Para empezar, las células de HEK293A de semillas en cubreobjetos de brillo se colocan en una placa de 24 pocillos que contiene DMEM con alto contenido de glucosa hasta que se vuelven 80% confluentes. Al día siguiente, las células murieron de hambre durante dos horas en la solución salina equilibrada de Earl. Después del tratamiento, aspire el medio y agregue 500 microlitros o una solución de formaldehído al 4% en PBS e incube durante 20 minutos a temperatura ambiente para fijar las células.
Después de la fijación, reemplace la solución de formaldehído con 500 microlitros de PBS. A continuación, apague el grupo aldehído libre agregando 500 microlitros de solución de cloruro de amonio de 50 milimolares en PBS durante 10 minutos a temperatura ambiente. Reemplace la solución de cloruro de amonio con 500 microlitros de una solución de digitonina de 50 microgramos por mililitro en PBS durante cinco minutos para permeabilizar las células.
Después de la permeabilización, reemplace la solución de digitonina con 500 microlitros de PBS repitiendo el lavado de PBS tres veces. Después del último lavado, incubar las células en 500 microlitros de solución bloqueante durante 30 minutos a temperatura ambiente. Después de la incubación, reemplace la solución de bloqueo con 500 microlitros de PBS.
A continuación, con unas pinzas, recoja los cubreobjetos del pocillo y retire el exceso de PBS con toallitas de papel fino. En la cámara humidificada, coloque suavemente el cubreobjetos con el lado de la célula hacia abajo sobre una gota de 50 microlitros de solución primaria de anticuerpos. Incubar las células en una cámara humidificada durante una hora a temperatura ambiente.
Después de la incubación, recoja los cubreobjetos y drene el exceso de solución de anticuerpos primarios. Vuelva a colocar los cubreobjetos en la placa de 24 pocillos con el lado de la celda hacia arriba y lávelos tres veces con PBS. Después del último lavado, recoja los cubreobjetos y escurra el exceso de PBS antes de colocar cada cubreobjetos con la célula hacia abajo sobre una gota de 50 microlitros de solución de anticuerpos secundarios.

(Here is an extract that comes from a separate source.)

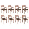 vidaXL Stackable Patio Chairs with Cushions 8 pcs Solid Teak Wood
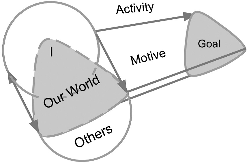 На эту досознательную передачу физиологических ритмов и поведенческих паттернов между людьми указывает множество современных подходов: эпигенетика и теория трансгенерационной травмы (Yehuda, 2009), генно-культурная коэволюция (Laland, Brown, 2002), исследования синхронизации между людьми (Nowak, 2017; Wlodarczyk, 2020) и др. В культурно-исторической психологии о таком слиянии говорит понятие «Пра Мы» Выготского и, например, понятие «интенциональный синтез» (intentional synthesis) А. Шварц (рис. 1; Schwarz, 2011). Такой непроизвольный резонанс между людьми, это ощущение взаимного доверия и душевного тепла, рассматривается нами как неотъемлемая основа для всех последующих уровней организации совместности.

Incubar en una cámara humidificada durante una hora. Después de la incubación, drene el exceso de solución de anticuerpos secundarios y lave el cubreobjetos tres veces con 500 microlitros de PBS en la placa de 24 pocillos. Después de drenar el exceso de PBS, coloque cada cubreobjetos con el lado de la celda hacia abajo sobre una gota de 50 microlitros de solución de ganchos diluida de uno a 4,000 en PBS en una cámara humidificada.
Incubar en una cámara humidificada durante cinco minutos. A continuación, retire el exceso de solución de ganchos y lave los cubreobjetos tres veces con PBS y una vez con agua desionizada en una placa de 24 pocillos. Después de drenar el exceso de agua desionizada, coloque cada cubreobjetos en una gota de 10 a 20 microlitros de solución de montaje colocada en un portaobjetos de microscopio evitando la formación de burbujas de aire.